0
votes

I am running RabbitMQ 3.7.28 on a linux node, single installation, no more cluster nodes. The MQTT message plugin is enabled, both TLS and non-TLS connections are successful. Using python 3.8 and pika 1.1.0 I have sent 1,000,000 messages to the broker via AMQP.

During sending of the messages I had two consumer connected: one using pika/AMQP, one using paho-mqtt 1.5.1. Both consumers received 1,000,000 messages.

Then I tried sending messages using paho-mqtt, and after this script finished both clients had received 999,983 messages. Repeated tests showed, that a different number of messages gets dropped, but always in the tens.

To figure out what was going on, I added the message count to the message. The resulting messages showed, that only the last messages were missing. The consumer showed this message as the last entry:

99979: dev/testtopic b'99979: 2020-10-05T12:00:00.682216'

(the first 99979 is the counter from the consumer, the second one is the counter from the producer)

Trying to get things better I set qos=1. Now reliably after 20 messages the consumers stops receiving messages. The producer exists without error after the number of messages I intended to send.

Am I doing something wrong? Can you tell me, where the messages are lost? Or give me a hint on how to debug this issue?
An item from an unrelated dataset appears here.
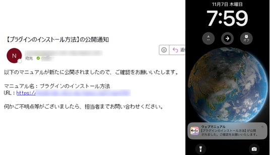 マニュアルの公開通知例(メール、アプリのプッシュ通知)
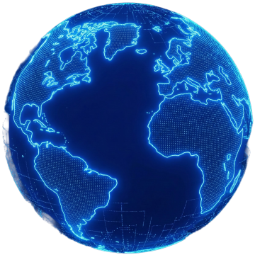 白色背景下的地球半解剖结构线框图形,采用渐变霓虹蓝与紫色线条,呈现未来科技感风格,节点为发光圆点,线条流畅且具有轻微的光晕效果,保持原有的世界地图轮廓和网络连接结构,整体设计简洁现代,突出科技与全球化主题的视觉表现。

The results are independent of using TLS or leaving it turned off.

If you have questions, please ask them!

Thank you.

For reference: here is (most) of the code I used:

MQTT Producer

import paho.mqtt.client as mqtt
from datetime import datetime

client = mqtt.Client()
client.username_pw_set(user, password)
client.connect(server, port)

print(datetime.utcnow().isoformat())
for i in range(1000000):
    client.publish("dev/testtopic", f'{i + 1}: {datetime.utcnow().isoformat()}', qos=0)
print(datetime.utcnow().isoformat())

client.disconnect()

AMQP Producer

import pika
from datetime import datetime
from urllib.parse import quote


with pika.BlockingConnection(pika.URLParameters(f'amqp://{user}:{password}@{server}:{port}/{vhost}')) as connection:
    print(datetime.utcnow().isoformat())
    channel = connection.channel()
    routing_key = 'dev.testtopic'
    for i in range(1000000):
        channel.basic_publish(
            exchange='amq.topic', routing_key=routing_key, body=f'{i}: {datetime.utcnow().isoformat()}')
    print(datetime.utcnow().isoformat())

MQTT Consumer

import paho.mqtt.client as mqtt


def on_connect(client, userdata, flags, rc):
    print("Connected with result code " + str(rc))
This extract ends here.